From the police blotter in Cave Junction, Ore., we learn that motorists complained of suspects showing their bare bottoms “… just over the little bridge after Highway 199” late on a moonlit evening.

A deputy was dispatched and subsequently contacted two women at that location. The deputy noted he lacked probable cause to arrest for the alleged offense, but the two ladies were howling at the moon when he arrived.

And a P.S.: From the same blotter, we note a complaint that “Because of a disagreement, one man was worried that another would damage his equipment.” It’s called Bobitt Syndrome, guys.

Address Change

Hugh Rinehart, of the Target World Shooting Range in Cincinnati, Ohio, has heard just about every off-the-wall comment about guns and shooting humanly possible. But even Hugh had to admit a local reporter’s demand for information topped his personal list of Stupid Questions.

It seems the TV news hound was enraged by a rash of handgun shootings, and one particular brand kept coming up in the news, “What’s the address of the Saturday Night Special company?” demanded the journalist. “I want to give them a piece of my mind!”

Go ahead. In fact, give ’em a big piece of your mind. We don’t think it’ll amount to much.

Blind Shooting

Judge Larry Stirling was one of the first dignitaries to tour the new headquarters of the National City, Calif., Police Department. Hizzoner was most impressed with the sparkling facilities, sporting all the latest in high-tech cop-stuff. He was especially pleased to see that efforts had been made to accommodate handicapped citizens, but was a bit disturbed by a sign on the door to the police shooting range.

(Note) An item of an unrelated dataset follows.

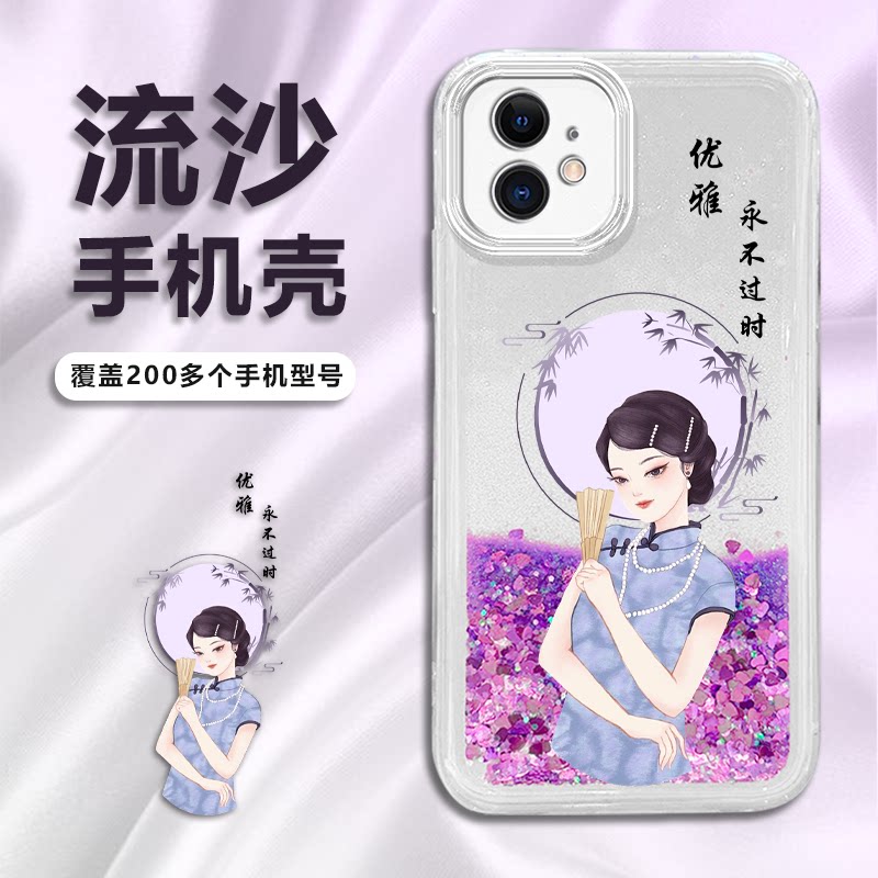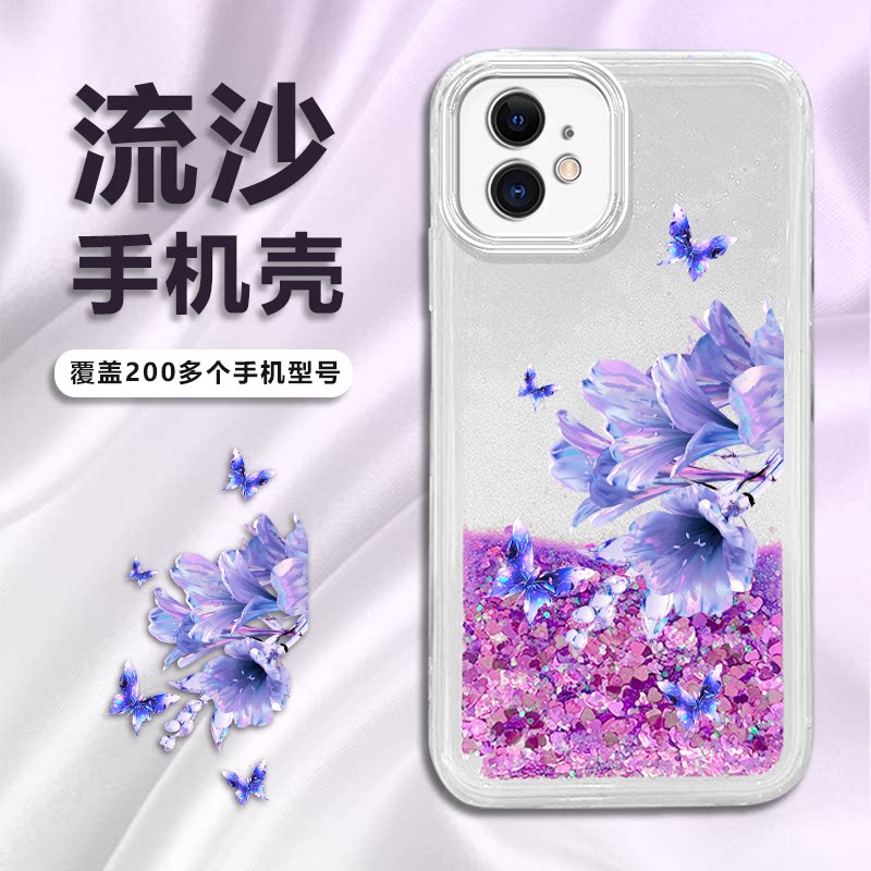适用苹果13手机壳OPPO Reno9透明vivo x90镜头全包荣耀80防摔华为P60软胶保护套紫钻石IQ00Z7流沙新品

The instructions for the shooting range were in Braille.

.Felony Stupid

On the silver screen, bank robbers seem to enjoy a little more status than their street-mugging peers, presumably because they’re a bit smarter, a tad more astute than commoner thieves. Maybe it’s because we at least think they can count.

But just about the time you think a financial institution stickup man packs a few more IQ points than your average hood, along comes Wiljen Serrano.

Serrano, 26, apparently never heard Rule Number One of Bank Robbery — Never Take the Dye Pack! His first attempt to rob the Progress Federal Savings Bank resulted in a bungled getaway, a technicolor explosion, and Serrano’s narrow escape with his life and a load of dye-stained laundry.

Violating another rule of robbery-as-a-career, Serrano returned to the same bank a few weeks later, this time grabbing everyone’s attention by leaping up onto a teller’s counter.

“Don’t give me the dye pack,” he screamed, waving a large knife, “Or I’ll blow your head off!”

Bank employees and customers stared. Somehow, even the businesslike brandishing of his deadly blade couldn’t quite stifle the giggles. Serrano realized he’d blown his image, grabbed some cash, and fled. Unimpressed witnesses followed at a discreet distance and pointed him out to the cops.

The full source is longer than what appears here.